I have near 100 00 trees…and yesterday near 1h after my message before i go to sleep, i’ve tested the same bp with a little map, and i think my real problem is the foliage performance…
I don’t have many experience in the foliage perf optimisation, but i use 4 LOD, and with all the foliage i go from 120 fps (without) to +/- 50 fps in average.
Hi, imagine a dog with a wooden leg running, slow right? That’s what I was saying
And I was right, I guess. It will never run quickly because the BP has to loop through all of the instances looking for the one the cursor is touching.
If you want this kind of functionality, you need to do it another way. Some way that gives the player the same idea or feeling, they are clicking a tree and something special happens, but do it without using all the instances.
One way I can think of is to keep all your foliage, but randomly place special trees that will react when clicked and the player has to find them. They look slight different to the instanced ones, but only slightly.
So clicking on the foliage will have no effect, but clicking the special trees will… just an idea…
The problem is that i want to make all the trees usable, i’m making a game where all trees can be cut down and used to construct buildings.
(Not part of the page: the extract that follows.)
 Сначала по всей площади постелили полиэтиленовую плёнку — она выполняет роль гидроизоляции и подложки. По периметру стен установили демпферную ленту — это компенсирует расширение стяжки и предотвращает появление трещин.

I will try to find a solution first and make some research to optimize my foliage (don’t know if i can do better than now or not).
And if i don’t find solutions, i will make it a different way. Like replace all actual Tree Foliage on my map by BP with a third BP…don’t know how at all, but it’s just an idea. ^^’’
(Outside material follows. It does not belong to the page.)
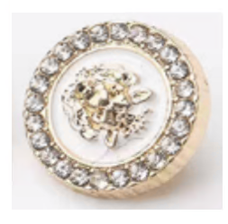 Пуговица металл круглая со стразами, 1,2см, белый, золото, белые камни, шт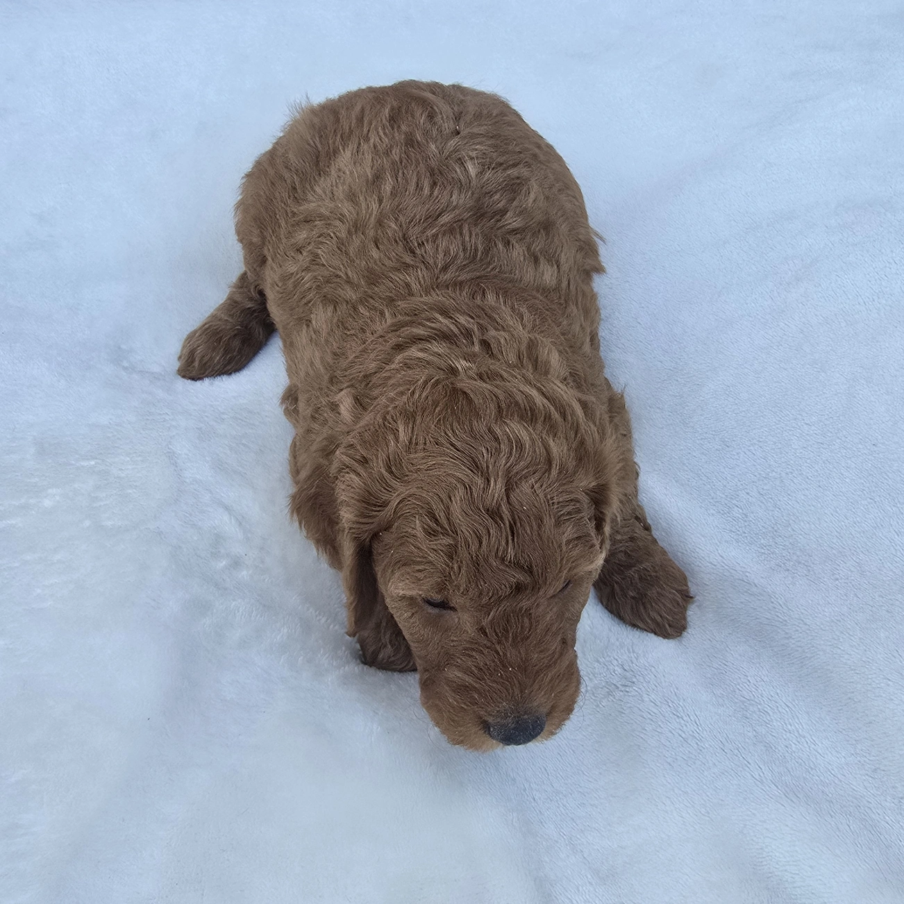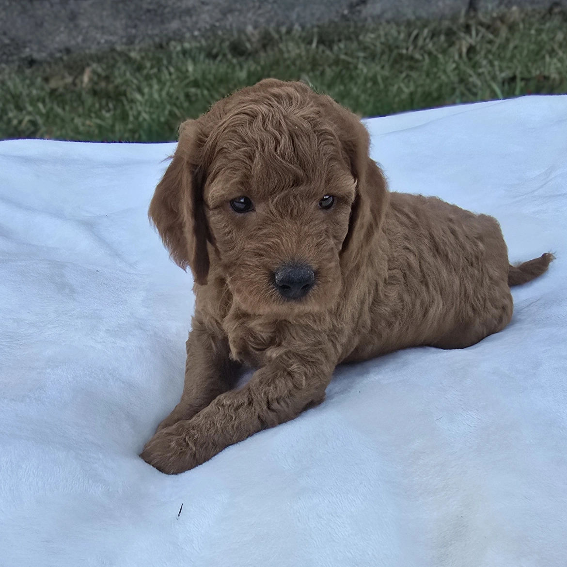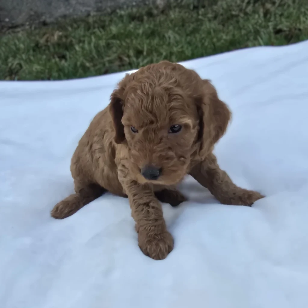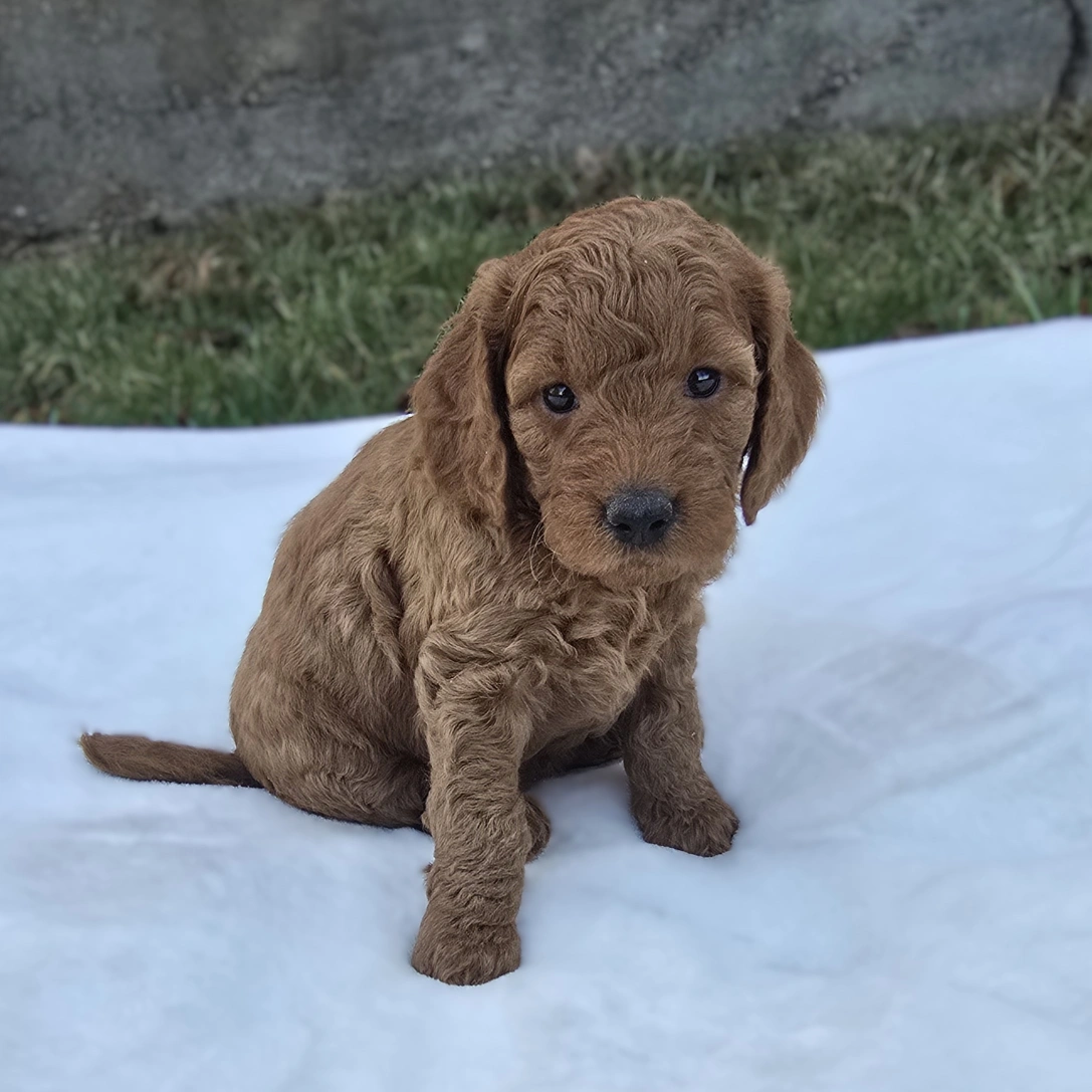 Meet Girl 1481, a sweet and well-bred F1B Mini Goldendoodle! She was born on January 29, 2026, and is expected to be 20–30 lbs fully grown — an ideal size for both active families and cozy homes. She will be ready for her new home on or after April 2, 2026! Her father is a 6.5 lb Miniature Poodle, and her mother is a 30 lb Mini Goldendoodle, giving her a fantastic combination of intelligence, friendliness, and low-shedding coat potential. She is being carefully raised and will be well-socialized, affectionate, and ready to bond with his new family.

I will try this when i got more time, and will post here after !
Hi, why don’t you convert them only to an actor when you actually want to interact with them? I used a system with thousands of trees where you can shoot the trees and once a tree gets hit, it will be replaced by an actor, when the tree actor gets enough damage it falls down and the tree actors only have a specific lifetime (so when they’re not getting damage inside this time the tree actor will again be added to the instanced static mesh component)
So it seems to me you don’t need to convert at tick, but only when you want to interact with the tree (cut it down) you would replace it with an actor, so only event driven.
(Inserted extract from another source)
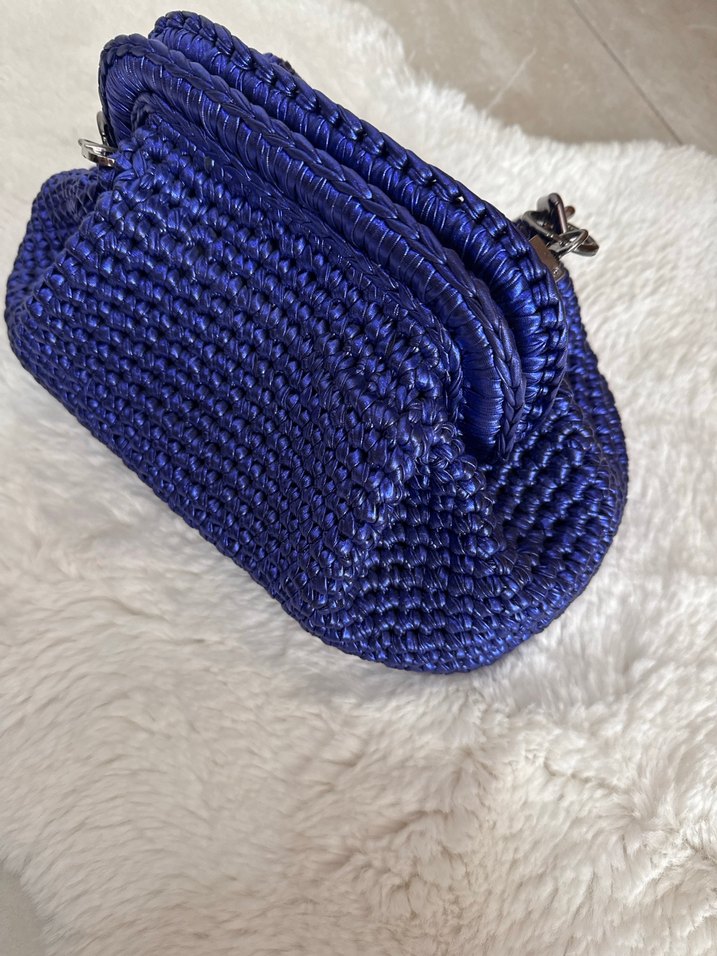 Mavi Örgü Kadın Portföy Çanta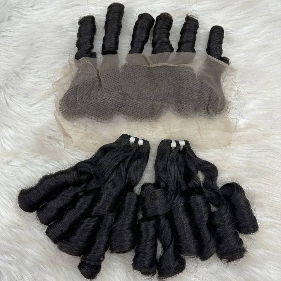วิกผมต่อผมมนุษย์บริสุทธิ์แบบลอนผมสีดำธรรมชาติแบบเด้งดึ๋ง

And if you go for multiplayer you mind wanna keep in mind that in progress join will be a pain with instanced static meshes.
Yeah, foliage is quite heavy, you should make sure you use an imposter as last lod. If you used assets from the marketplace, then I’m quite sure that they already use imposters as last lod, but if not:
And if you want to optimize your trees, then keep in mind that shader complexity does not show up correctly on the trees, cause since 4.23 masked materials always show green, although they’re not.
Btw the index is per instanced static mesh component, not per all instanced static meshes and everything with one mesh type will be one instanced static mesh component, so flowers with mesh “A” would be one, grass with mesh “B” would be another one and of course the trees with mesh “C” would be a separate one, too.
My advice is that instead of using many static Maya for objects with little relevance on the stage it is better that you use 3d textures since they consume less rendering resources. Usually I use 3d textures for trees and stuff.
Really thank you a lot @chrudimer & @yeisondiazromero for your help, i not home actually and i can’t use my computer, but i take your advice into account your precious advices and i will post here when i will have some news.